Необходимость сесть и заново написать сказку чуть охладила его пыл: стало очевидным, что за месяц книгу, конечно, не кончить. В лучшем случае допишет к сентябрю одну только сказку.
А пока что, наученный кое-каким опытом («Не забывать о красной нитке. Если об этом забуду, то горя мне опять будет немало»), отметил для себя все самое главное и набросал план книги.
Главным героем снова должен был стать Борис Гориков, который приехал на юг, чтобы по соседству со знаменитым пионерским лагерем провести отпуск с сыном Алькой. Время тревожное. Из отпуска могут сорвать телеграммой в любую минуту, поэтому оба дорожат возможностью побыть вместе.
Бориса в самом деле отзовут (но уже потом, под конец). А пока их все равно разлучают. В лагере авария (не исключено вредительство). Лагерь остается без воды. И Борис, как инженер (допустим, военный инженер), будет руководить аварийными работами. Но надо куда-то деть Альку. Борис отдает его в лагерь, в отряд. Таким образом, в книге появятся вожатая Натка, другие вожатые, Наткина отрядная работа и те пионеры, которые приехали в лагерь со всех концов страны.
И он пометил в тетрадке основные вехи, на которых выстроит весь дальнейший сюжет.
«1) Натке приводят Альку. 2) Инженер уходит в горы (указать на перебои в старом источнике)».
И уже отчетливо виден финал – то, к чему он приведет всю книгу:
«Смерть
Приказ
Дорога
Далекий поезд
Кто же был Мальчиш-Кибальчиш?»
Тут же обдумал, как введет сказку в будущую повесть. Одна сказка-сон у него уже была во «Всадниках неприступных гор». Повесть эту он, правда, не любил, но опыт пригодился, хотя случай теперь был другой: во-первых, он писал детскую книгу; во-вторых, придумал необычную сказку; в-третьих, наркомпросовские педагогессы усиленно гнали сказку из детской литературы, чтобы «не отвлекала» от революционной действительности. И, рассчитывая позднее к этому вернуться, набросал предполагаемый разговор Натки со старшим вожатым Алешей:
«Что это еще за сказка… – (недовольно говорит Алеша) рассказала бы им про пионера, который предотвратил железнодорожное крушение».
«Да не слушают, – (отвечает Натка). – Ну, шел, ну, увидел, что гайки развинтились… подумаешь, какое дело…»

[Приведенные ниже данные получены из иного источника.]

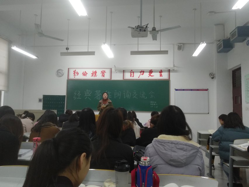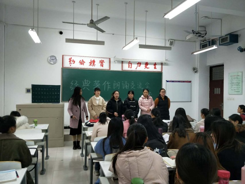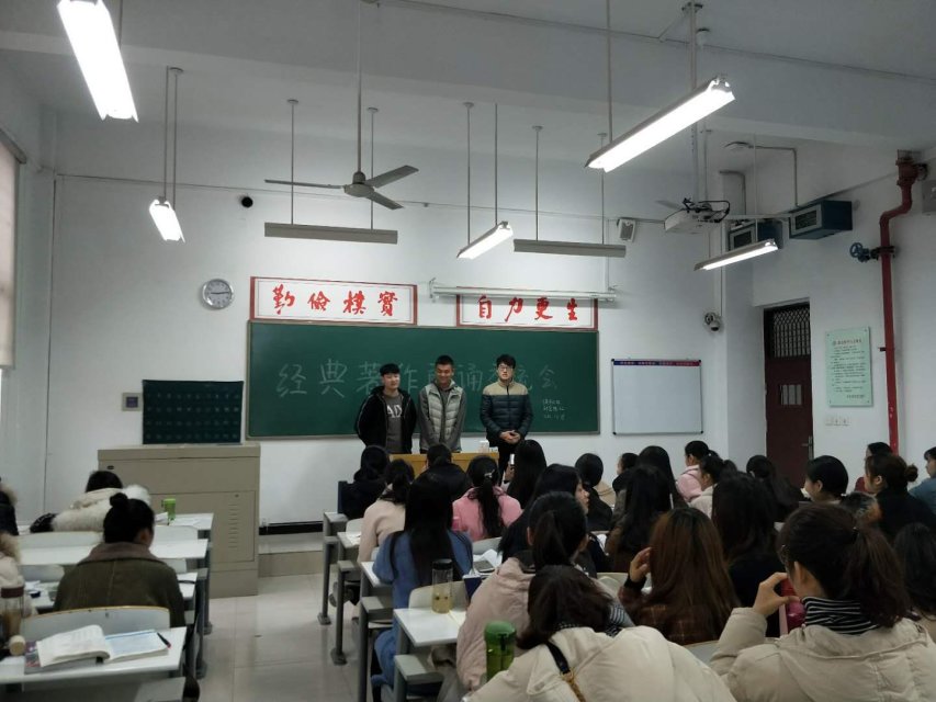 在全校开展好学月活动之际,17英语班于12.19-29日在时金楼主教室陆续开展了诵读经典赏鉴名著主题活动,本次活动由各班团支书组织主持,外语系全体17级英语班的同学参加了此次读书会。此次活动的目的,是让大家体会到诵读的好处带给大家心灵的震撼与启迪。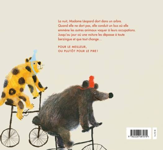 La nuit, Madame Léopard dort dans un arbre. Quand elle ne dort pas, elle conduit un bus où elle emmène les autres animaux vaquer à leurs occupations. Jusqu'au jour où une voiture les dépasse à toute berzingue et que tout change... Pour le meilleur, ou plutôt pour le pire !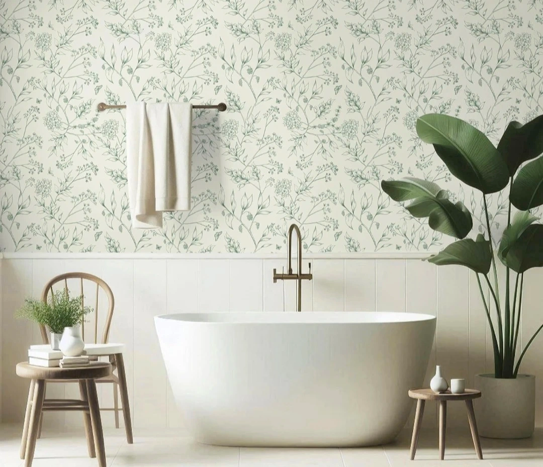New. Peel & Stick Wallpaper. 17.3"x78.7". It features a lovely floral design in a soft, neutral colour palette. This wallpaper would be perfect for adding a touch of nature to any room in your home!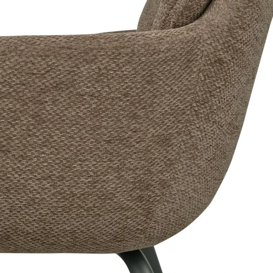 - Een echte blikvanger: Met z’n ronde design en luxe chenillestof brengt deze stoel direct een warme, trendy sfeer in huis.
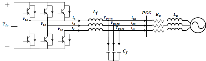 Vpccb, Vpccc는 PCC에서의 순시 전압을 의미한다. 또한, Lf와 Cf는 컨버터 출력단측 필터를 나타내며, Rg와 Lg는 계통의 등가 임피던스를

Каждое утро появлялся в редакции. Готовил материалы по своему отделу. Не мог дождаться вечера, чтобы прийти домой и записать то, что десятки раз за день проносилось в голове. Когда же попадал наконец к себе в комнату, сразу наваливалась усталость.

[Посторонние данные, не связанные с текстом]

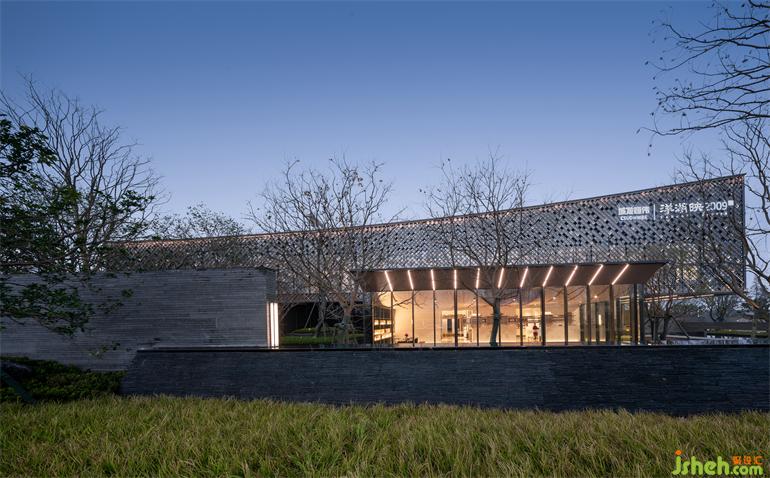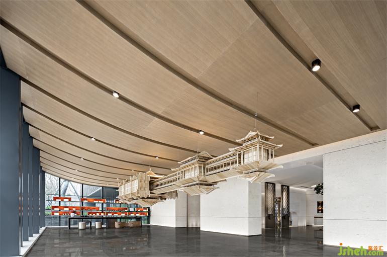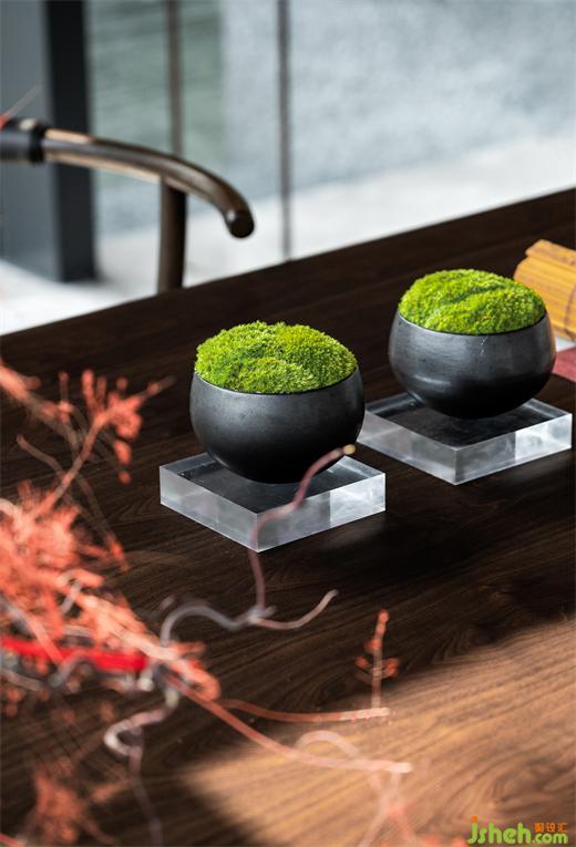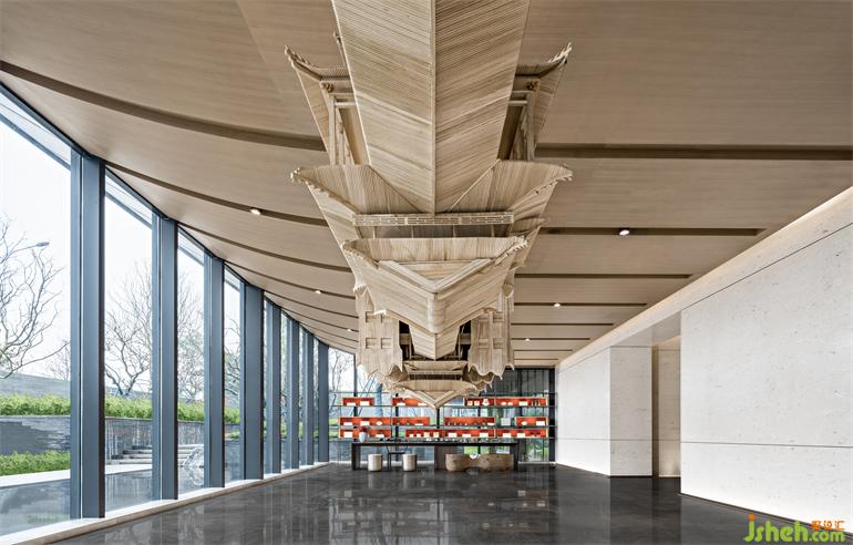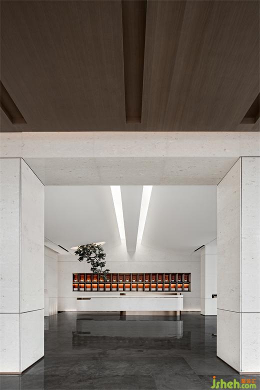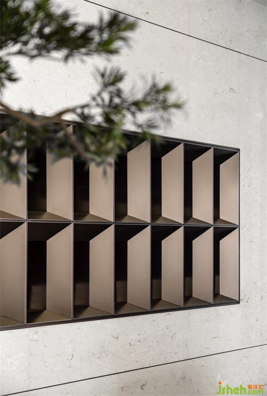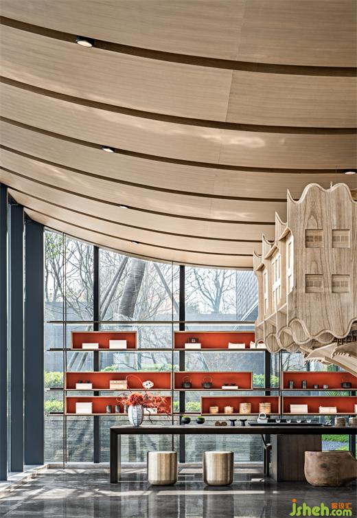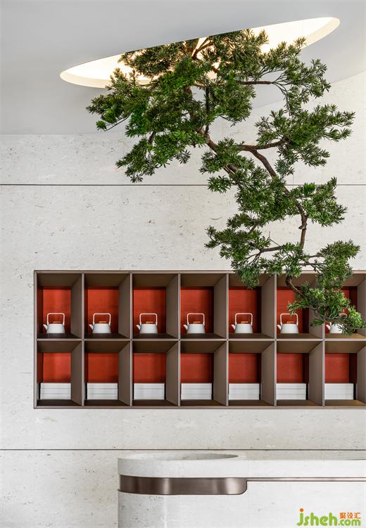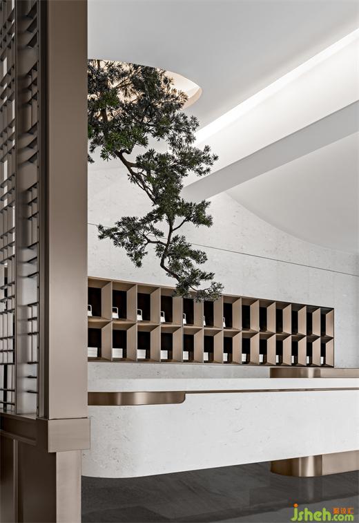 漫步入內(nèi),長(zhǎng)沙售樓處設(shè)計(jì)以松為記,寓意“迎客”,號(hào)曰《岳麓松風(fēng)》。”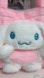 Adorable plush tote bags featuring cute Cinnamonroll or Hello Kitty designs. Soft pink and hot pink colors.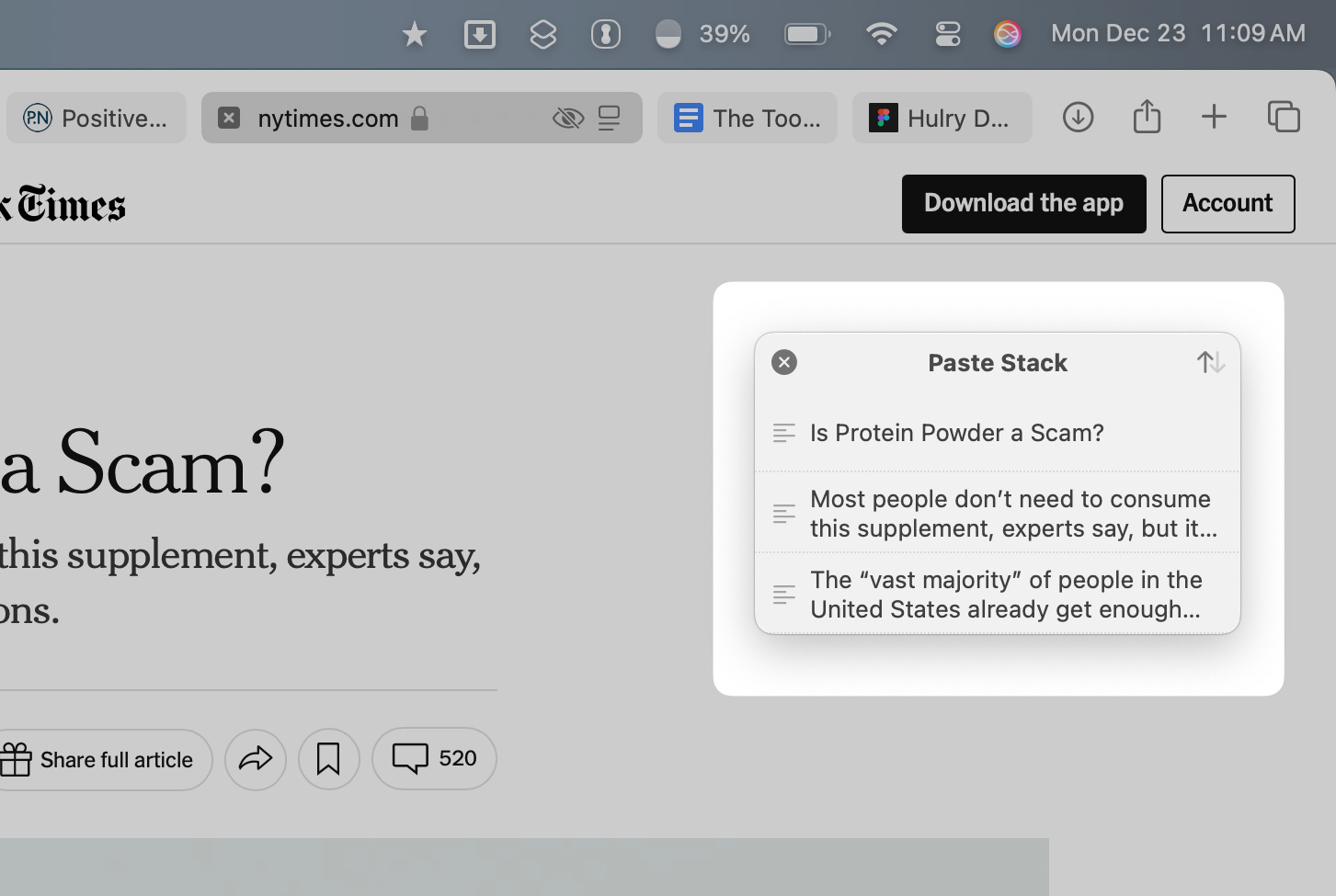 Second, this app has a neat feature called Paste Stack, which allows me to copy multiple items into a stack like this: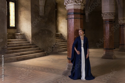 Naklejka premium princess balcony medieval dress ancient young blue dress castle stairs window...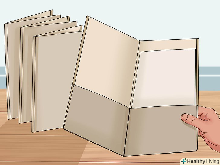 Заведіть для кожного предмета окрему папку.на заняттях вам можуть видавати велику кількість навчального матеріалу, в тому числі і для домашньої роботи. У цьому випадку зручно мати папки для окремих предметів. Надпишіть папки і складайте в них відповідні матеріали.[4]- Беріть папки з собою в школу. Якщо вам дадуть навчальні матеріали з якогось предмету, після перегляду покладіть їх у відповідну папку.

И потом другое – никак не мог «отписаться» за поездку. Обычно очерки свои писал легко. За два предыдущих месяца дал восемь не худших своих материалов: «Метатели копий» (по фельетону было принято специальное решение крайкома), очерк «Бензин. Керосин. Лигроин», фельетон «Сережа, выдай…», три статьи с судебного процесса, распутал таинственную историю закрытия рабочего распределителя в фельетоне «Ничего не вымышлено», а из путешествия прислал «Речь не о фонтанах».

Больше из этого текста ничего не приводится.